• Directions for this task: No pictures, please: print exactly the lines from the one that contains "夫が正月休みに入って3日目で" through the last line of the listing.

• Dataset section:

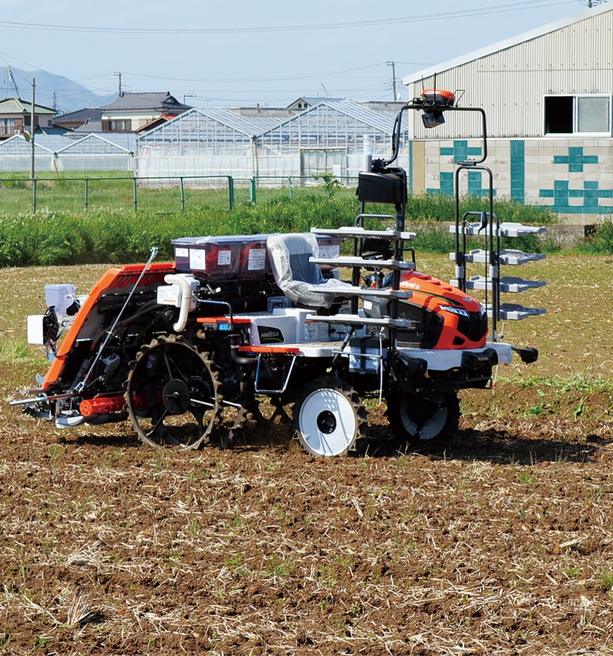 機種は、クボタ田植機アグリロボNW8SA。農業機械メーカー初の無人自動田植機で、(株)クボタが約2年かけて開発し、昨年10月に販売を開始した。本来、田植えにはオペレーターに加えて苗の補給などをサポートする補助者が必要だが、アグリロボは自動運転機能によって、田植え作業の省人化と作業効率の改善を実現している。
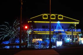 夫が正月休みに入って3日目です。近場だけどいろいろ出かけて回ったので今日は年末のお買い物だけにしました。大晦日のスーパーは激混みするので、朝の9時から義母夫婦を連れてお買い物に行ってきました。義母をスーパーに連れて行くと大変です。彼女にとって珍しいものが沢山あるのでいちいち足を止めては質問攻めです。今日は生ラーメンをフランスに持ち帰りたいと騒ぎ始めて説得するのに一苦労ですよ夜はいつものごとくアペリティフから始まり新年を迎えるまでソワレをしました。ところで1週間ほど前から我がマンションの近所にすごいイルミネーションが出現したのですよ。そこは住宅リフォーム会社なのですが、外観は南欧風の家で、どんな意図があるのか夜になるとピカピカ光り始めました。ハデ好きな義母は、そのライトアップに大喜びして夜になると見物に出かけます。不思議な建物です。 もちろん夜は営業していません。中庭に入ると綺麗です。
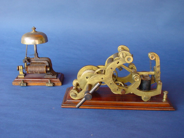 Tillotson weight driven embosser. The bell at the left is from an unknown maker. 6

• Exercise output:
 夫が正月休みに入って3日目です。近場だけどいろいろ出かけて回ったので今日は年末のお買い物だけにしました。大晦日のスーパーは激混みするので、朝の9時から義母夫婦を連れてお買い物に行ってきました。義母をスーパーに連れて行くと大変です。彼女にとって珍しいものが沢山あるのでいちいち足を止めては質問攻めです。今日は生ラーメンをフランスに持ち帰りたいと騒ぎ始めて説得するのに一苦労ですよ夜はいつものごとくアペリティフから始まり新年を迎えるまでソワレをしました。ところで1週間ほど前から我がマンションの近所にすごいイルミネーションが出現したのですよ。そこは住宅リフォーム会社なのですが、外観は南欧風の家で、どんな意図があるのか夜になるとピカピカ光り始めました。ハデ好きな義母は、そのライトアップに大喜びして夜になると見物に出かけます。不思議な建物です。 もちろん夜は営業していません。中庭に入ると綺麗です。
 Tillotson weight driven embosser. The bell at the left is from an unknown maker. 6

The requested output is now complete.